“Get in the car. Everyone get in the car. Time to go home.” My Mom is herding us like chicks.
We’re all piling in the backseat of the station wagon, sweaty and tired. But happy because we all got to ride the Hermann Park train. The grand finale. Went clicking clacking in the rickety kid ride through the drama of a neglected tunnel with glass fronted display panels.
I was pretty much over the tunnel. Old enough to notice these displays were a little underwhelming – makeshift. Looking like holiday decoration leftovers. The year Santa appeared in the same window as a big Easter egg, I was old enough to roll my eyes.
Our Easter baskets were prettier and more coordinated than this mess. But then our Easter bunny was a perfectionist. She had standards for Easter. Our clothes and our baskets came right out of Ladies Home Journal magazine. She sewed up matching dresses with rosettes and pin tucks, so perfect, we could almost
pass for well behaved. We would march off to church, our hats decorated to match our dresses, forced to leave our perfect Easter baskets behind. Each basket enough alike so no one was really “better” than another but also different enough so every one of the eight of us could find our own. Holy days of obligation.

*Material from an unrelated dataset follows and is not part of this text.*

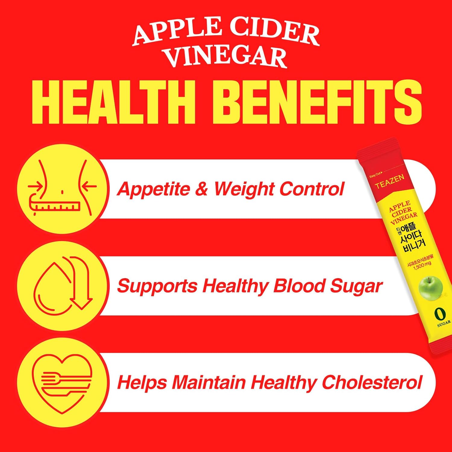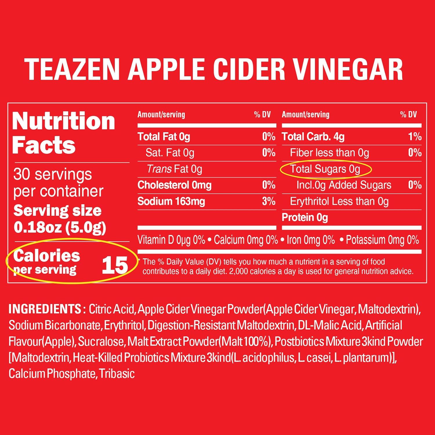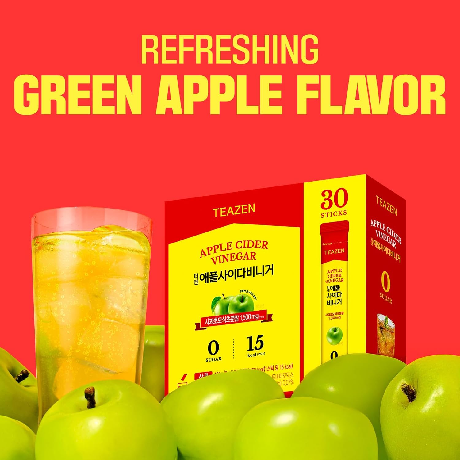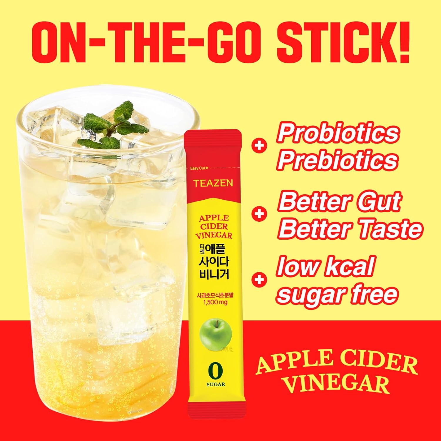 TEAZEN Apple Cider Vinegar Drink Powder Stick – On-the-Go Wellness with 1500mg ACV, Sugar-Free, Postbiotics, 30 Sticks | Supports Digestion & Metabolism

We were Hermann Park regulars. Every Easter and Fourth of July. Any excuse. It was close enough to Beaumont for an easy day trip and far enough away to make it some sort of adventure.
The hour and half road trip was hell. There’s no vehicle that provides enough space for eight children – some of whom don’t even want to be “looked at” by the others. Much less touched. The Kids (as I referred to them. As The Oldest, I didn’t consider myself one of them.) argued all the way on I-10 to the Houston city limits. Then my mom and dad argued about how to get to Hermann Park. Every time. We regularly got turned around because my father’s sense of direction was limited to up and down. And he drove. Not a concern for us as we knew my mom would finally convince him to turn the right way. And their fight meant we were close.
This particular Easter was a full blown win. Picnic in the park, the zoo, and the train. We didn’t always get to do all three. Budget issues. But this day the lines weren’t too bad, and there was a ticket for everyone. Just requesting ten tickets at the window was a big deal – seems the ticket seller always felt the need to stick his neck around the window to see what was going on. Craned necks and disapproving stares were a regular feature of our lives – my really young parents herding eight semi rotten kids – we were just a show wherever we went.
This Easter had been a big success. We were fun-sticky with park dirt, pineapple covered baked ham and Easter candy, smushed between cars as my mom tried to get us all inside. And a woman is trying to get her attention.
“That’s my son” she says. Pointing to a kid in the back seat roughly same size and age as one of my brothers.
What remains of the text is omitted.